Set down, exactly and only, everything from the line containing "今日の給食には、目を保護する" down to the line containing "These limited-edition Nike" in the data below; the pictures are not part of the copy.

___ STUDY MATERIAL

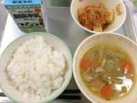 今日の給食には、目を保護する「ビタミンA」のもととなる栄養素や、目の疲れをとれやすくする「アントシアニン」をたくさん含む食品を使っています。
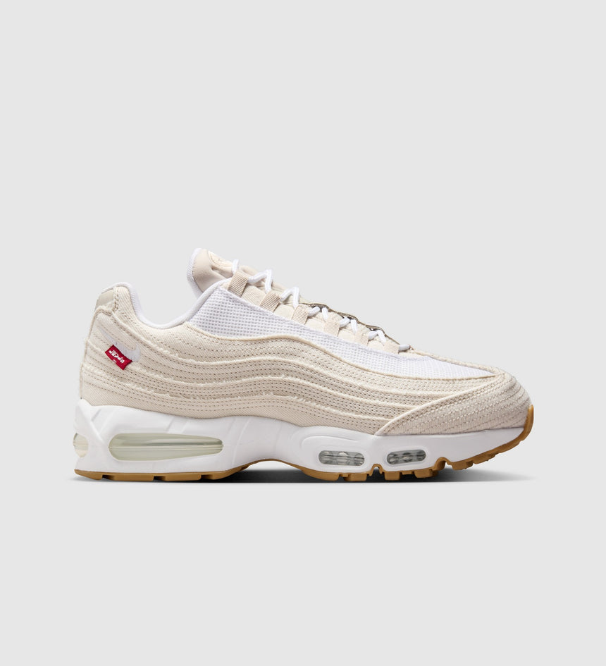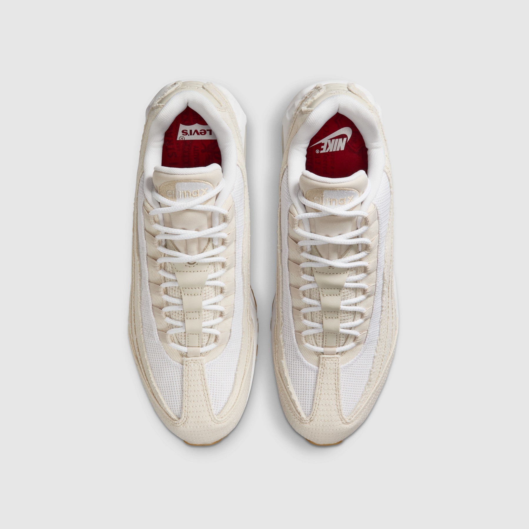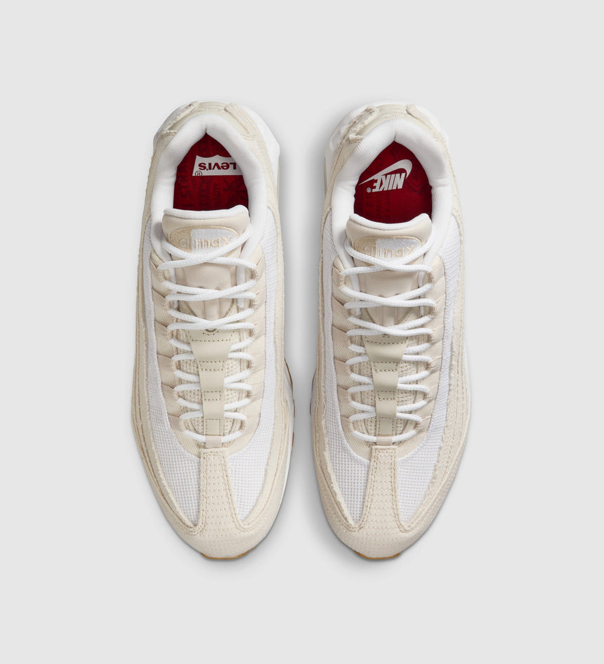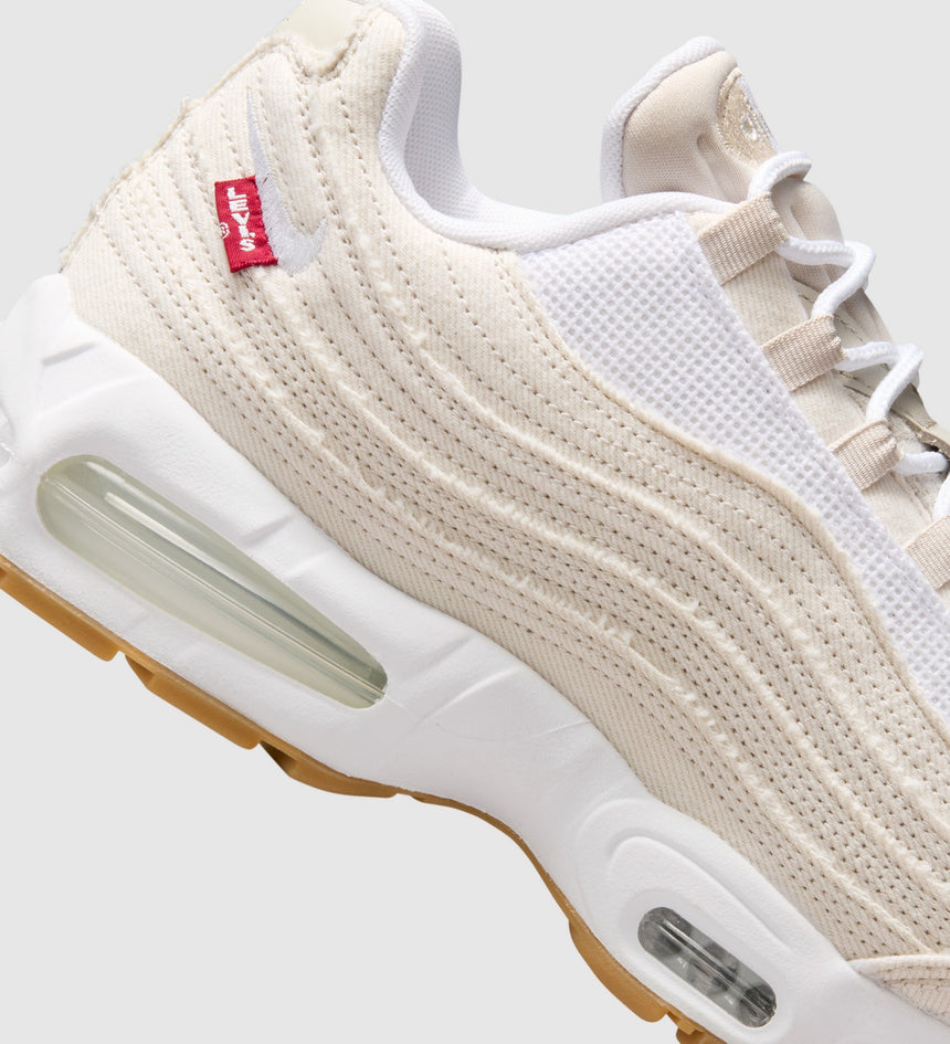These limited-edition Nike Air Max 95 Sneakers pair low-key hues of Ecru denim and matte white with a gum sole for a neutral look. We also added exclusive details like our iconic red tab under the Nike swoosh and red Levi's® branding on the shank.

______
___ STUDY MATERIAL

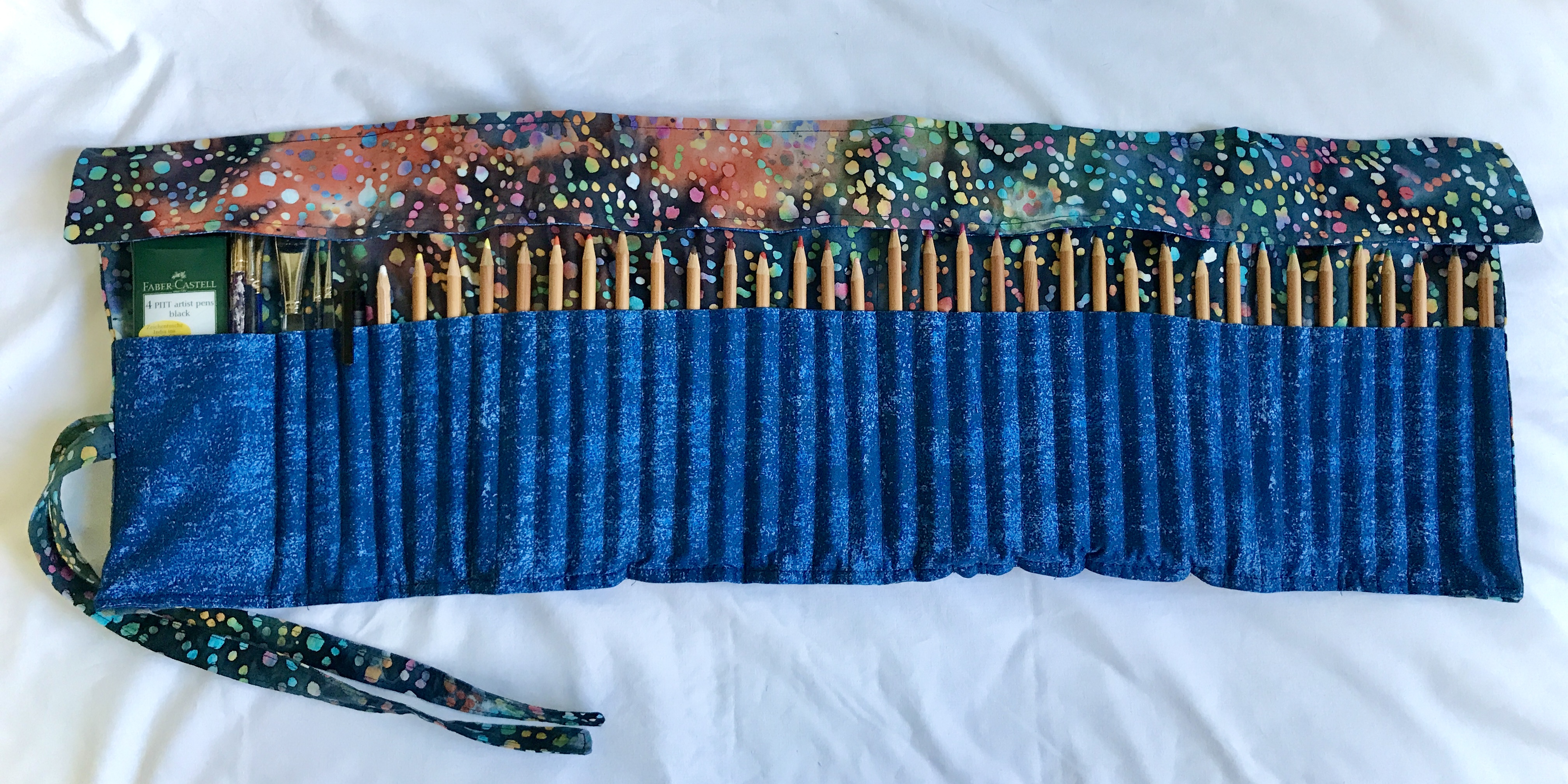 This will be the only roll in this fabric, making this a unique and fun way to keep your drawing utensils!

______
___ STUDY MATERIAL

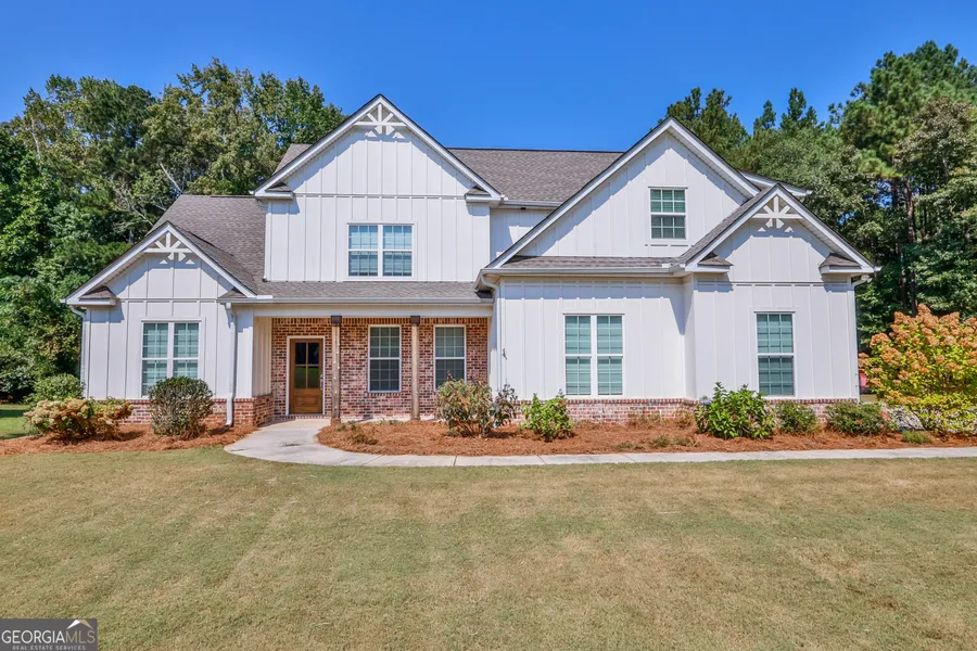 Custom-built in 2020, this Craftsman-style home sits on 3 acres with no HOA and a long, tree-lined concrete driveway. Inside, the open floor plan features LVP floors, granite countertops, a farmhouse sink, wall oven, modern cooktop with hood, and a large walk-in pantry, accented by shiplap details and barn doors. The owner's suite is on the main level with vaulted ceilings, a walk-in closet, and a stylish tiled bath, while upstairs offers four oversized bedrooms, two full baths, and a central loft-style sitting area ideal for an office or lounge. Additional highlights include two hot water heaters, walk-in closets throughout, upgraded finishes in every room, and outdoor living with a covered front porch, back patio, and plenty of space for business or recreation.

______

EXPECTED OUTPUT
 今日の給食には、目を保護する「ビタミンA」のもととなる栄養素や、目の疲れをとれやすくする「アントシアニン」をたくさん含む食品を使っています。
These limited-edition Nike Air Max 95 Sneakers pair low-key hues of Ecru denim and matte white with a gum sole for a neutral look. We also added exclusive details like our iconic red tab under the Nike swoosh and red Levi's® branding on the shank.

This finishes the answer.